» **Supplied material**:

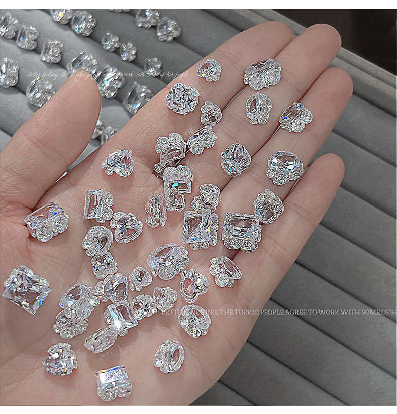 네일 쥬얼리 플래시 투명 특수 모양의 지르콘 파일 드릴 높은 제품 직사각형 지방 사각 암석 설탕 드릴 네일 장식품 도매스토어 가기
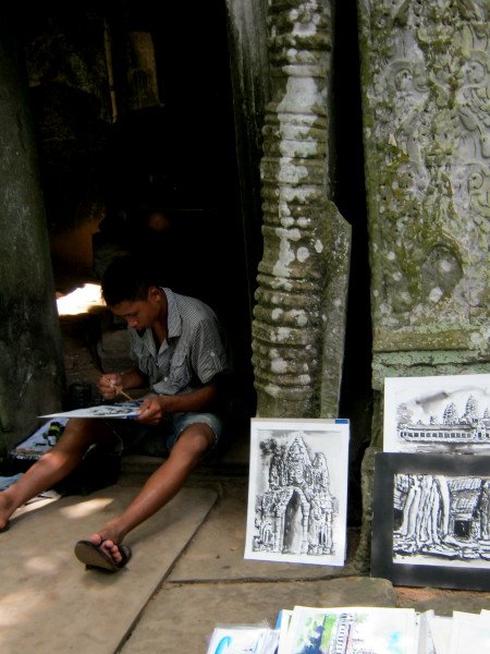 | Một thanh niên Campuchia ngồi cặm cụi vẽ tranh bán tại đền Ta Prohm. |
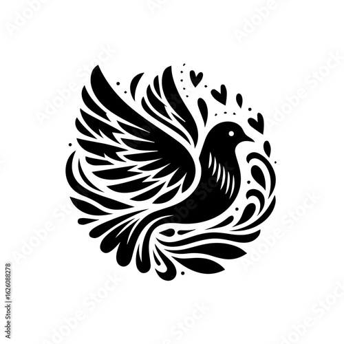 © SARMIN DESIGN, Obraz premium Stylized Black Dove with Hearts and Swirls.

» **About this task**:
Set down the material above exactly as it reads, but not its pictures.

» **Answer to this problem**:
 네일 쥬얼리 플래시 투명 특수 모양의 지르콘 파일 드릴 높은 제품 직사각형 지방 사각 암석 설탕 드릴 네일 장식품 도매스토어 가기
 | Một thanh niên Campuchia ngồi cặm cụi vẽ tranh bán tại đền Ta Prohm. |
 © SARMIN DESIGN, Obraz premium Stylized Black Dove with Hearts and Swirls.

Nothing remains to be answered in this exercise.